__Exercise__.
Any pictures in the records below must be left out when you repeat the lines from the line containing "Радиатор силовой подсистемы" through the line containing "Israel. State Gold" exactly.

Stored items from a collection:
▼▼▼

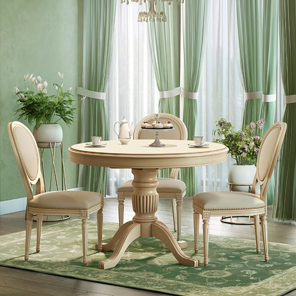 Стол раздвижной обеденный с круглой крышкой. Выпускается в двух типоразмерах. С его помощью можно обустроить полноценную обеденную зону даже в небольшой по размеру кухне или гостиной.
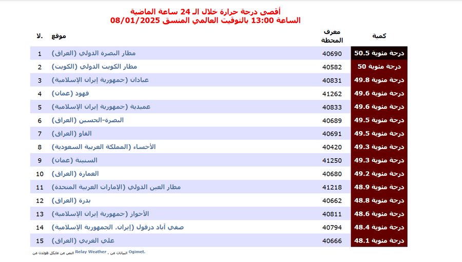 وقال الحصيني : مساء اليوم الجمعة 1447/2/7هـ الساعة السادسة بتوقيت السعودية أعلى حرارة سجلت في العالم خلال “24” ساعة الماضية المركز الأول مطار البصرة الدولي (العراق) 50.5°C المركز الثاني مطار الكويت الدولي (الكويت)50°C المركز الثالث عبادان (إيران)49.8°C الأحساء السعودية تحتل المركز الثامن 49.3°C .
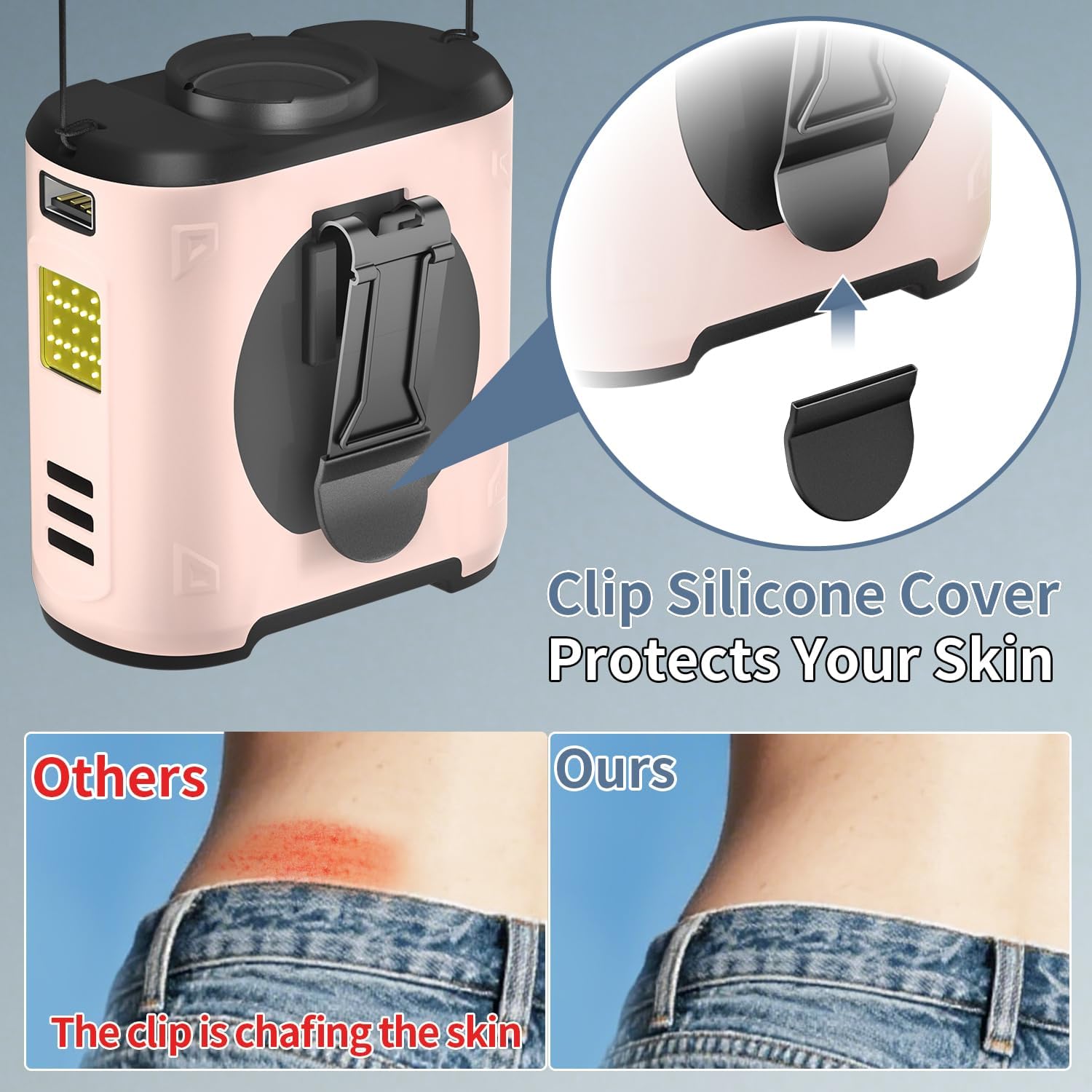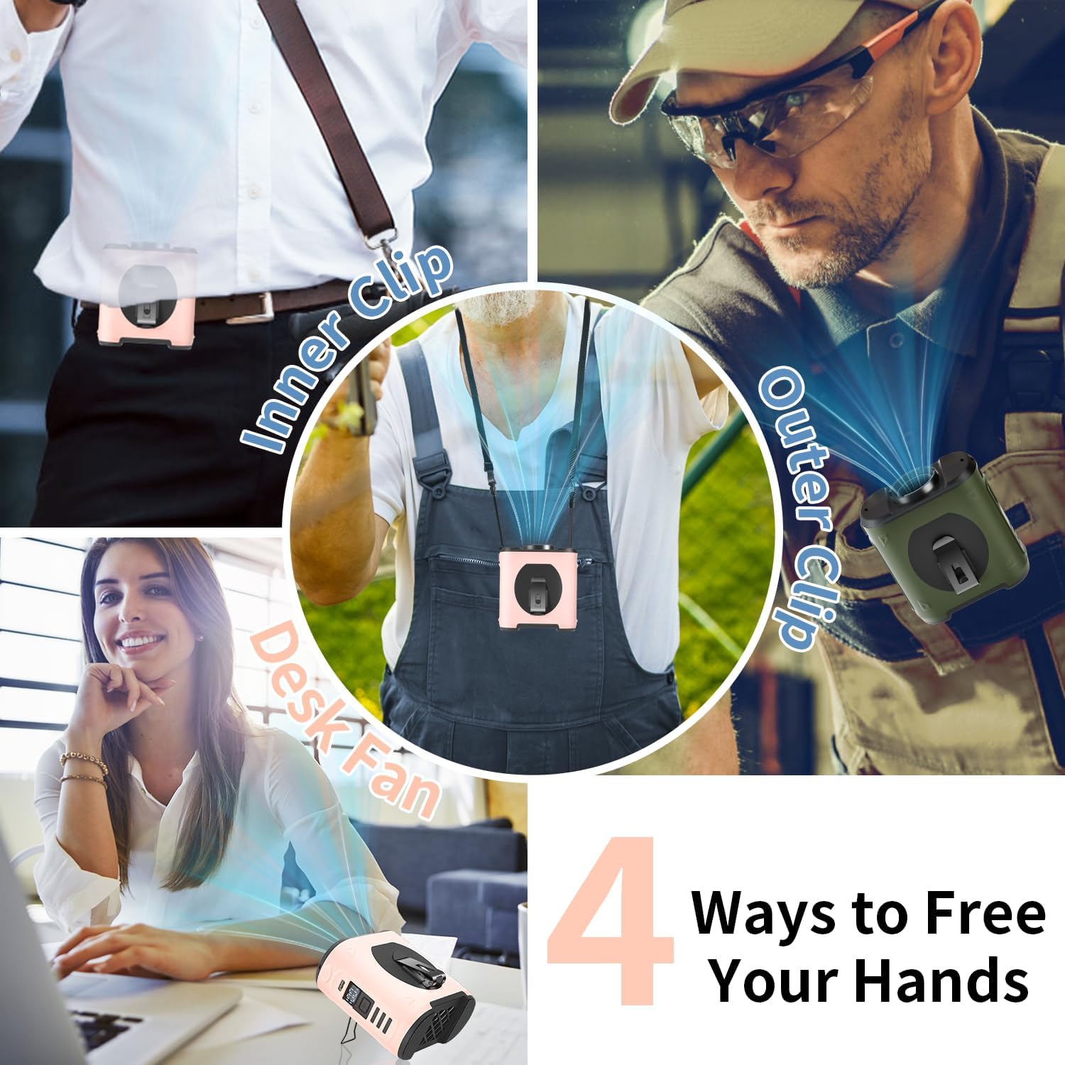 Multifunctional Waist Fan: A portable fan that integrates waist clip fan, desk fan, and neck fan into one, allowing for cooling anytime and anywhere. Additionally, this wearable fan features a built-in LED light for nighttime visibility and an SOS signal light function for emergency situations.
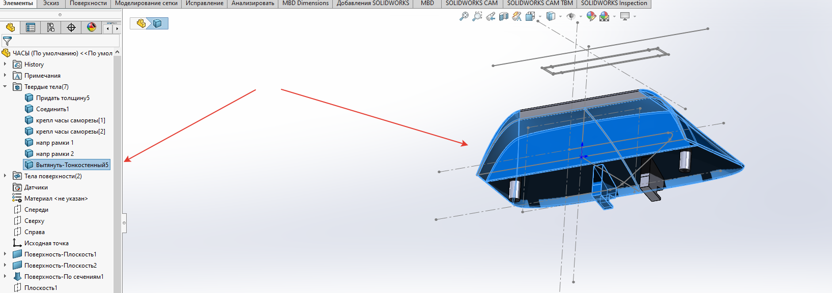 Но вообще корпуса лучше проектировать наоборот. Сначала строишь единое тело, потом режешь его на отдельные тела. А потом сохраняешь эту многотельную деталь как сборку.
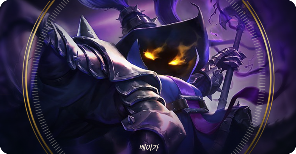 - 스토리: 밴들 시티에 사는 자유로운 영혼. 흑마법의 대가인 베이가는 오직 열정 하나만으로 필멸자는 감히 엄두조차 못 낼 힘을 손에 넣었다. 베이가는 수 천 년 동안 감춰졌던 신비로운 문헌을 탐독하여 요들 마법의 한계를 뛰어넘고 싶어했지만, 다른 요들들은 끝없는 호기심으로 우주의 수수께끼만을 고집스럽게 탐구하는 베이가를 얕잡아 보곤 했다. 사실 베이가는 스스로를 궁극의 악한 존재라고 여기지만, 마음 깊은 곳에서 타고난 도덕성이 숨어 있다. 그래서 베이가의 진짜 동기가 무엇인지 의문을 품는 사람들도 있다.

▲▲▲
▼▼▼

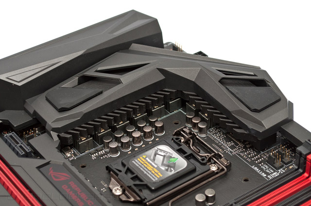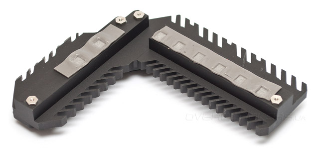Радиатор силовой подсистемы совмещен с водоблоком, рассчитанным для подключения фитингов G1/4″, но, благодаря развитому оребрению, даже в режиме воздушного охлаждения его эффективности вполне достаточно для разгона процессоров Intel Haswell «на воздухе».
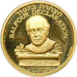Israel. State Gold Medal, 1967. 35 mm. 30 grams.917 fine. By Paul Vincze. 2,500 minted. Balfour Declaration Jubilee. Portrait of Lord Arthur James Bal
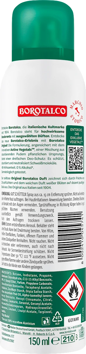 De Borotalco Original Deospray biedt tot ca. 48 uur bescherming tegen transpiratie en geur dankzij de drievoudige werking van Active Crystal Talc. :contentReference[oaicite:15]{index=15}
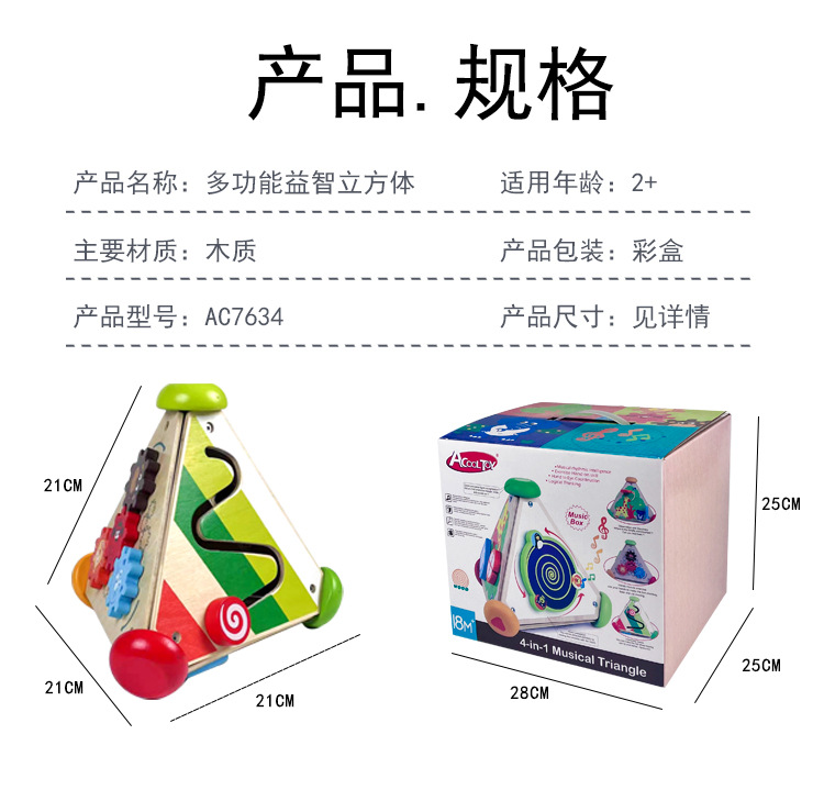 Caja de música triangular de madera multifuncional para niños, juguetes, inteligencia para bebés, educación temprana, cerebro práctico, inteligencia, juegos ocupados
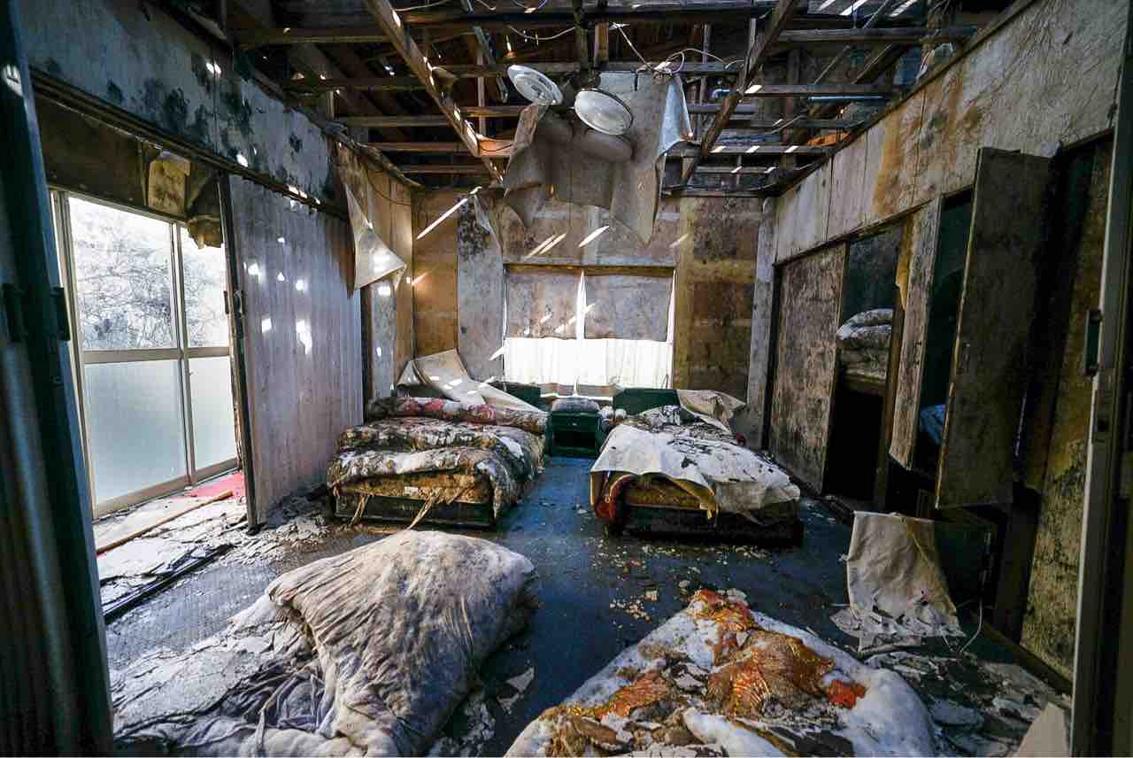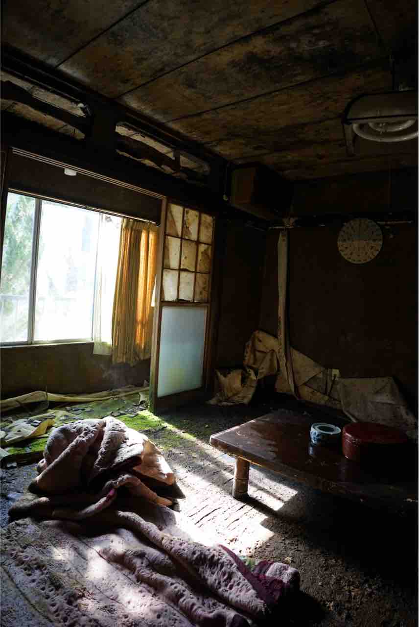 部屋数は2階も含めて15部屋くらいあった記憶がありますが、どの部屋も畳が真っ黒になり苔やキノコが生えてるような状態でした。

▲▲▲

__Answer section__.
Радиатор силовой подсистемы совмещен с водоблоком, рассчитанным для подключения фитингов G1/4″, но, благодаря развитому оребрению, даже в режиме воздушного охлаждения его эффективности вполне достаточно для разгона процессоров Intel Haswell «на воздухе».
Israel. State Gold Medal, 1967. 35 mm. 30 grams.917 fine. By Paul Vincze. 2,500 minted. Balfour Declaration Jubilee. Portrait of Lord Arthur James Bal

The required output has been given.